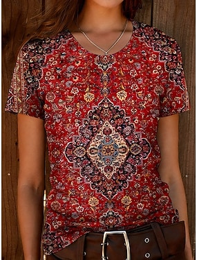 Dámské Tričko Tisk Grafika Zvíře Vinobraní stylové Klasické Krátký rukáv Tričkový Běžné topy Denní Víkend Rubínově červená Léto Jaro
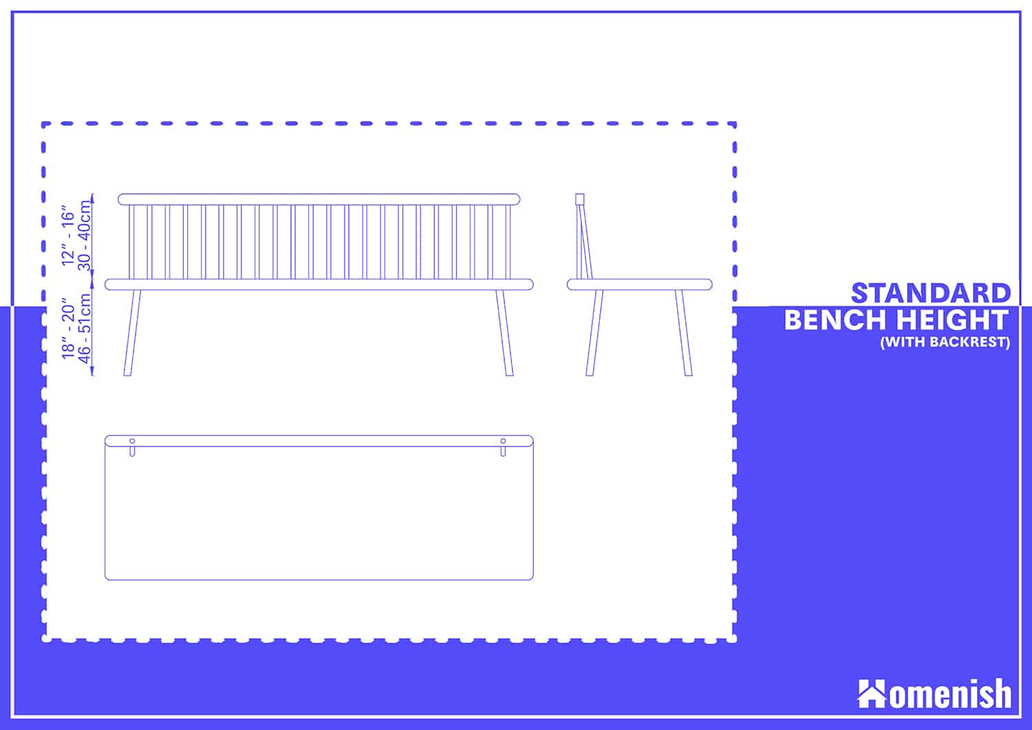 The height of a bench is typically between 18 and 20 inches 46-51 cm. The standard bench height is 18 20. For the seat depth try to stay close to 16 inches from the front to the back of the seat.
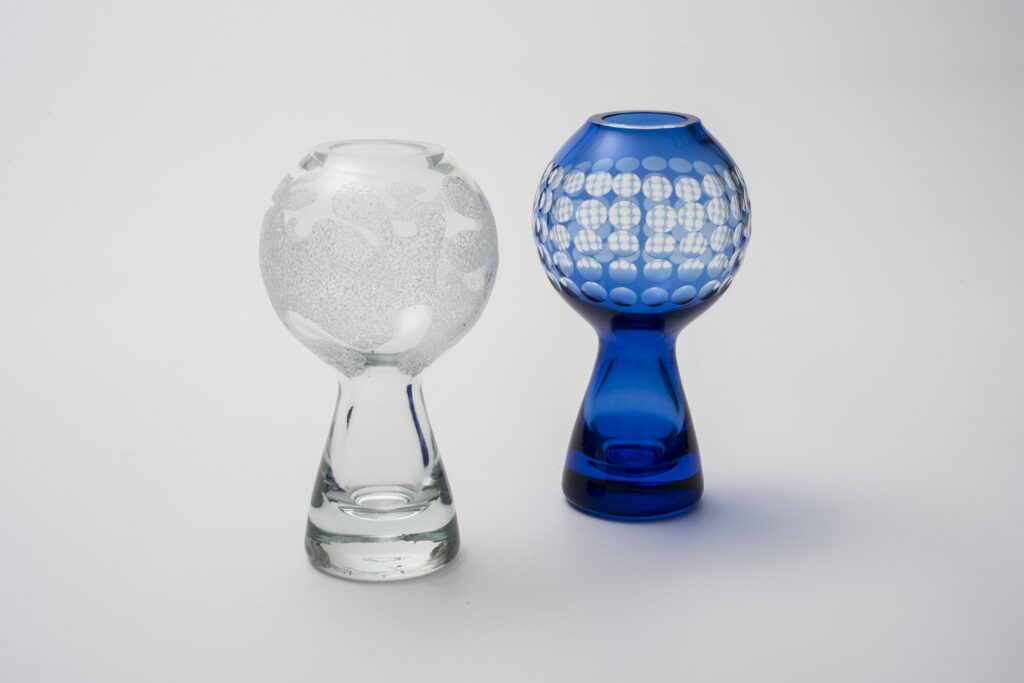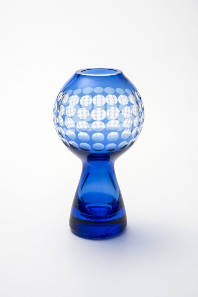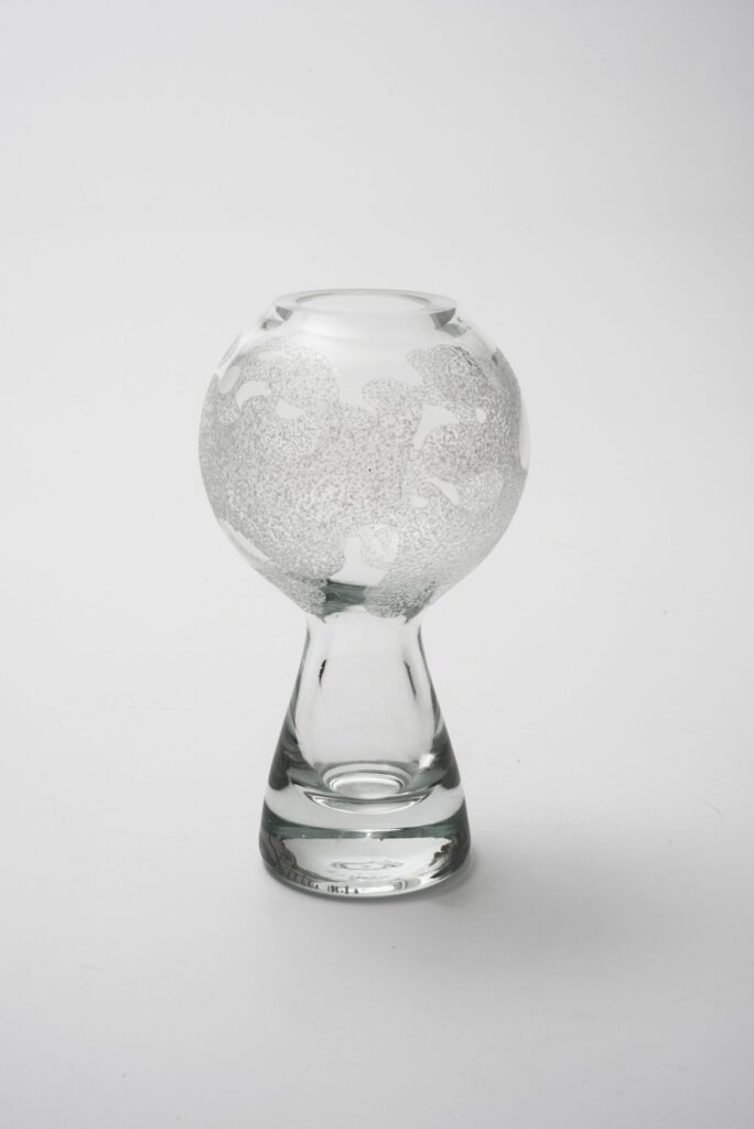 Die dickwandige Glasvase basiert auf zwei geometrischen Formen, der Kugel und dem Kegel. Die Kugel ist oben flach abgeschnitten zu einer kleinen Öffnung und von außen in einem rauhen Handschliff mit einem organisch bewegten Muster dekoriert. Fließend geht die Kugelform in den konisch geformten Sockel aus Vollglas über. Die aus Klarglas gestaltete Vase ist mundgeblasen.
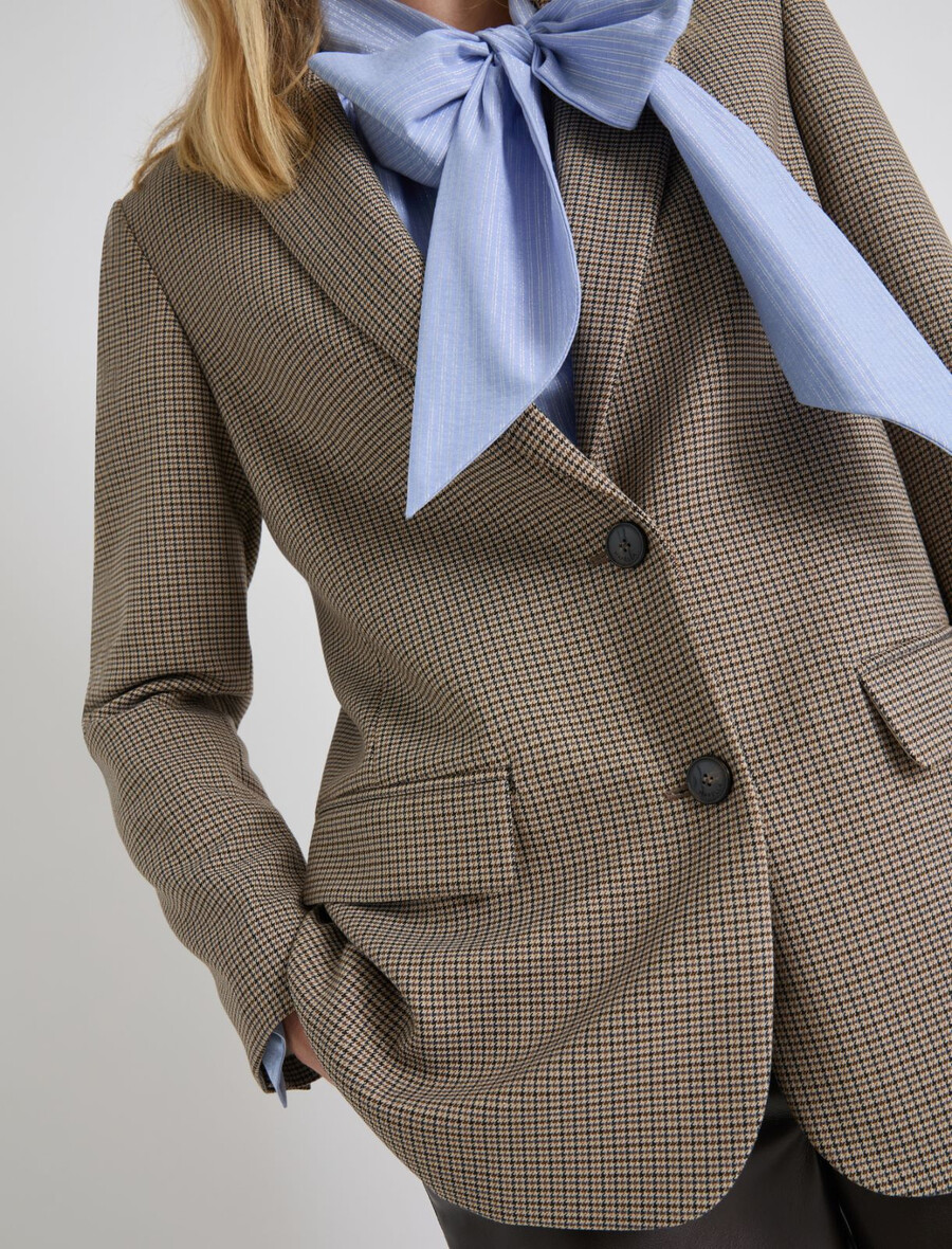 • Blazer doublé en tissu extensible en viscose mélangée, orné d’un fil de lurex ultrafin
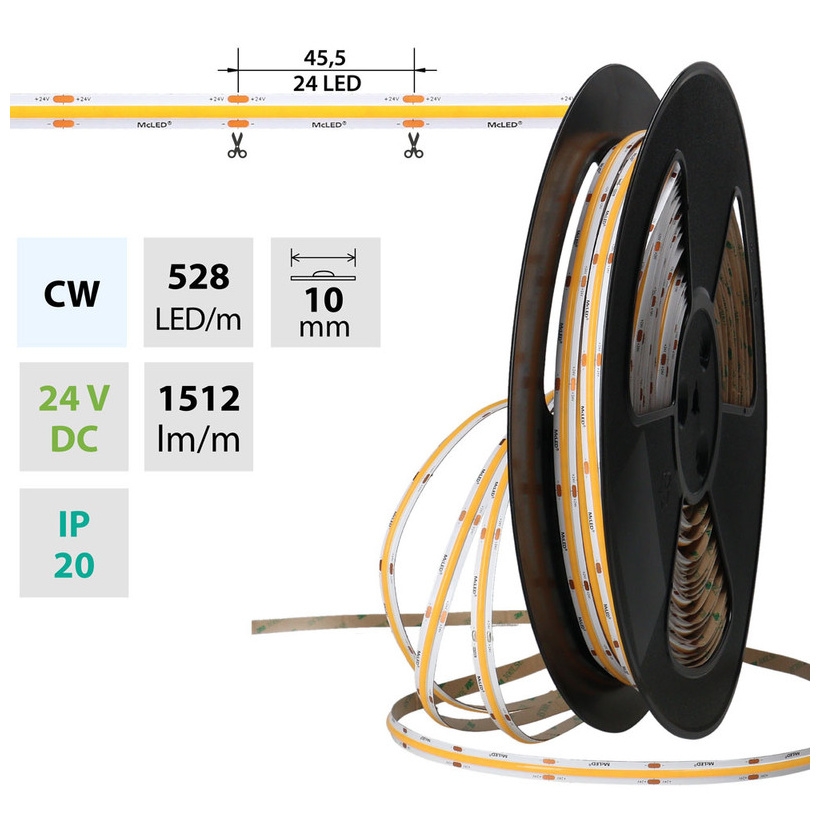 LED pásek MCLED COB CW 528LED/m 14W/m DC 24V 1512lm/m CRI90 IP20 modul 45,5mm 10mm 50m ML-126.128.90.2
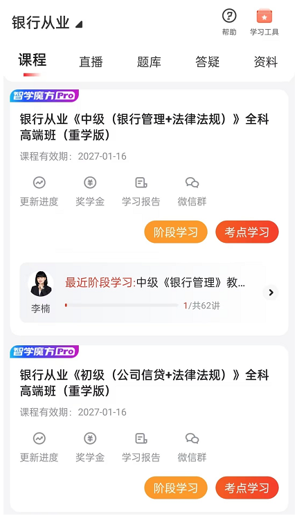 233网校课程:银行从业难度不大,但很多自学仍然考不过,只是因为不会规划、没有找对方法!报名参加233网校课程,赠送配套的学习资料+题库会员,不需要再去到处找题找资料。课程学习也是有规划的分阶段学习,跟着孙婧、赵聪、徐雨光、李泽瑞等233网校大咖老师,学习更安心!
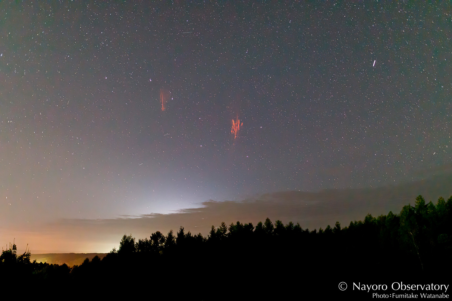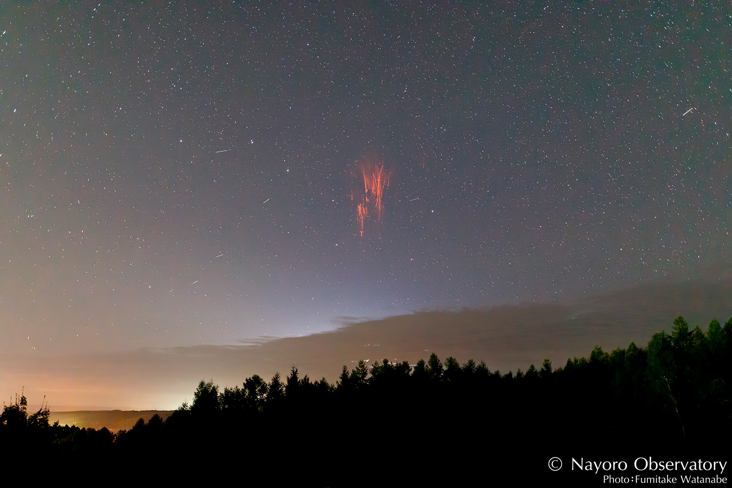 ※スプライトとはレッドスプライトとも言われ、高度約50~80kmで発生する超高層雷放電の一種で、通常の雷とは違い上方向に向かって放電されます。その色や妖精のように突然現れることからレッドスプライトと呼ばれています。
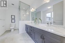 Nestled in the heart of Pickering's most desirable neighborhood, this impeccably upgraded detached home offers a rare blend of modern luxury and functional design. Boasting a double-car garage, soaring 9-foot ceilings across all three levels, and premium finishes, this residence is a true standout in the Seaton Mulberry community. Step inside to discover a sunlit main floor designed for effortless living and entertaining. The open-concept layout features a spacious dining area flowing seamlessly into a generous great room, anchored by a sleek electric fireplace and overlooking a serene, private backyard. Culinary enthusiasts will adore the oversized eat-in kitchen, complete with upgraded quartz countertops, while the abundance of natural light and airy 9-foot ceilings enhance the homes inviting ambiance. Upstairs, the second floor impresses with continued 9-foot ceilings and a luxurious primary suite. Retreat to a bedroom adorned with a raised smooth box ceiling, a walk-in closet, and a lavish 4-piece ensuite featuring a standalone shower and deep-soaking oasis tub. Two additional bedrooms, a versatile family room, and three full bathroomsincluding a main bath with a frameless glass super showerensure comfort for family and guests alike. The raised basement adds unparalleled versatility, with 9-foot ceilings, large windows, and a separate entrance. This bright, welcoming space is ideal for an in-law suite, rental unit, or recreational haven. Combining prime location, sophisticated design, and move-in-ready perfection, this home is a rare opportunity in Pickerings sought-after enclave. Dont waitschedule your private tour today and experience luxury living at its finest! (id:27)
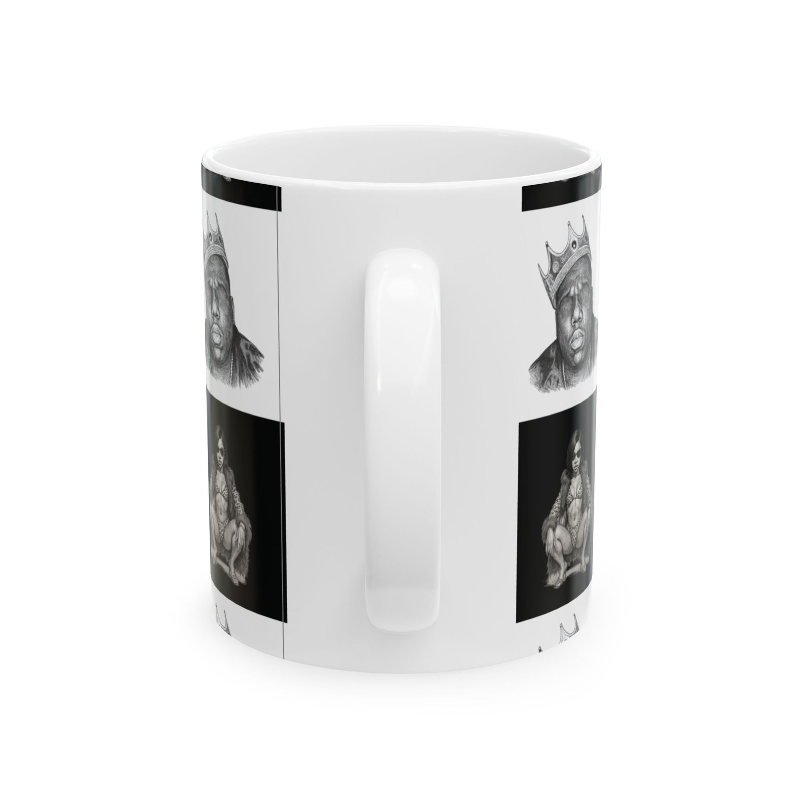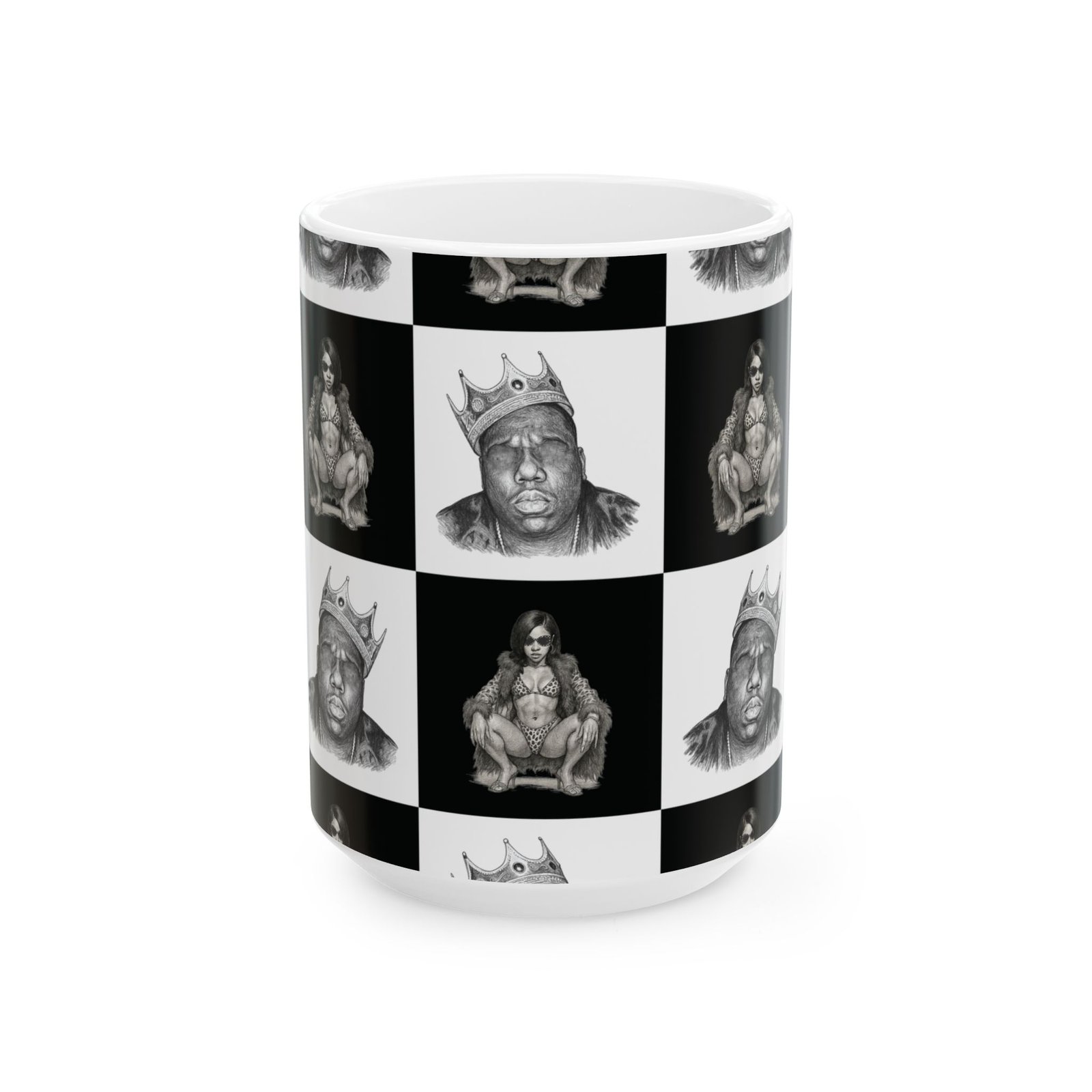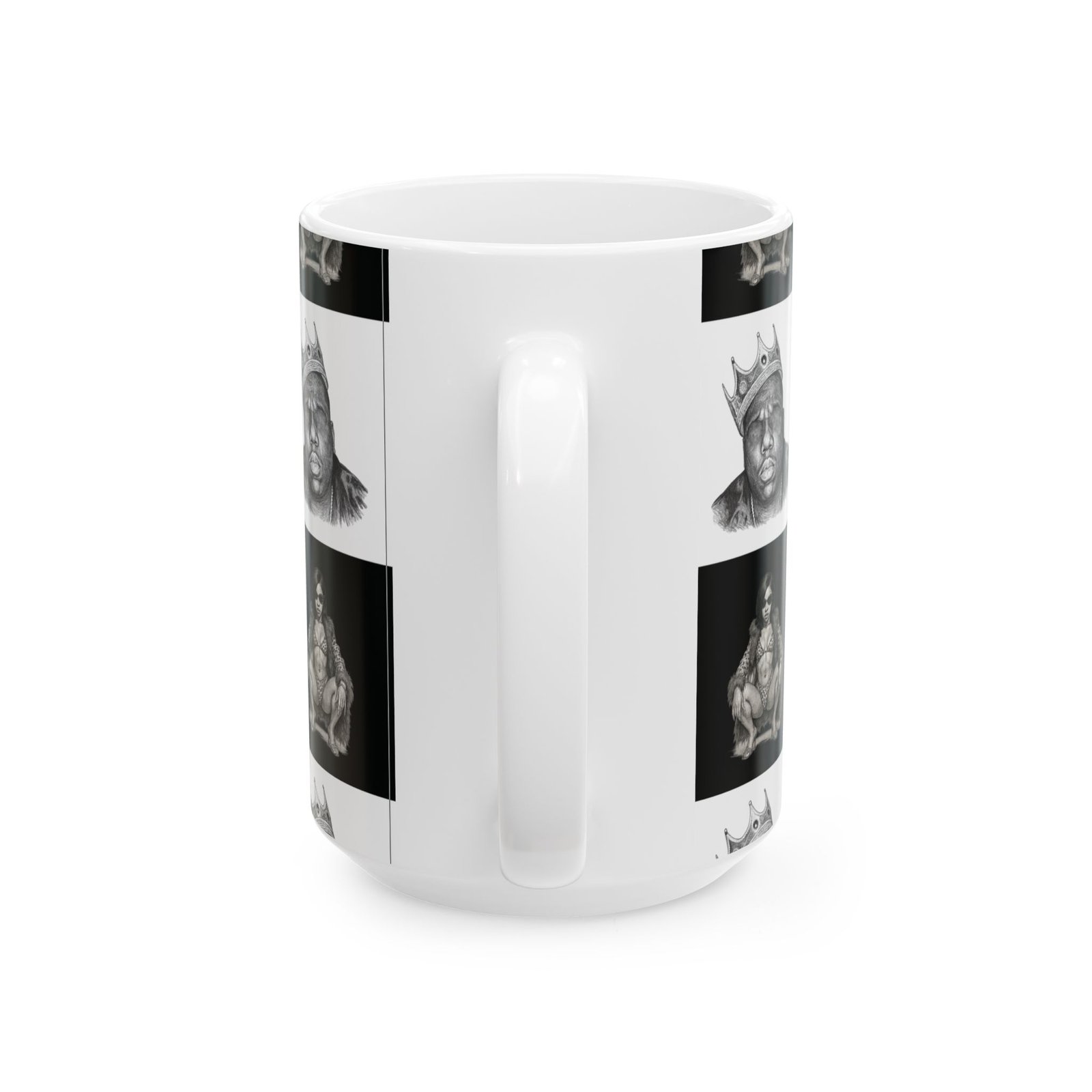 A bold ceramic mug with a high-contrast, black-and-white portrait grid that feels like street-art turned daily ritual. The glossy finish and crisp printing bring out fine pencil-style details in each portrait square, creating a graphic, urban rhythm around the mug. It’s the kind of piece that catches the eye on a cluttered desk and becomes part of a morning routine — a moment of attitude with your coffee, tea, or cocoa. The comfortable C-handle and sturdy white ceramic body make it easy to reach for every day, while the microwave- and dishwasher-safe build keeps it practical. Available in two sizes to match whatever you pour into it, this mug pairs well with playlists, late-night sketching sessions, or slow weekend mornings spent flipping through vinyls.

----

=== Required action ===
If a line falls between the first line of the records above and the line containing "233网校课程:银行从业难度", inclusive, retype it exactly; leave pictures out.

=== Written answer ===
 Dámské Tričko Tisk Grafika Zvíře Vinobraní stylové Klasické Krátký rukáv Tričkový Běžné topy Denní Víkend Rubínově červená Léto Jaro
 The height of a bench is typically between 18 and 20 inches 46-51 cm. The standard bench height is 18 20. For the seat depth try to stay close to 16 inches from the front to the back of the seat.
 Die dickwandige Glasvase basiert auf zwei geometrischen Formen, der Kugel und dem Kegel. Die Kugel ist oben flach abgeschnitten zu einer kleinen Öffnung und von außen in einem rauhen Handschliff mit einem organisch bewegten Muster dekoriert. Fließend geht die Kugelform in den konisch geformten Sockel aus Vollglas über. Die aus Klarglas gestaltete Vase ist mundgeblasen.
 • Blazer doublé en tissu extensible en viscose mélangée, orné d’un fil de lurex ultrafin
 LED pásek MCLED COB CW 528LED/m 14W/m DC 24V 1512lm/m CRI90 IP20 modul 45,5mm 10mm 50m ML-126.128.90.2
 233网校课程:银行从业难度不大,但很多自学仍然考不过,只是因为不会规划、没有找对方法!报名参加233网校课程,赠送配套的学习资料+题库会员,不需要再去到处找题找资料。课程学习也是有规划的分阶段学习,跟着孙婧、赵聪、徐雨光、李泽瑞等233网校大咖老师,学习更安心!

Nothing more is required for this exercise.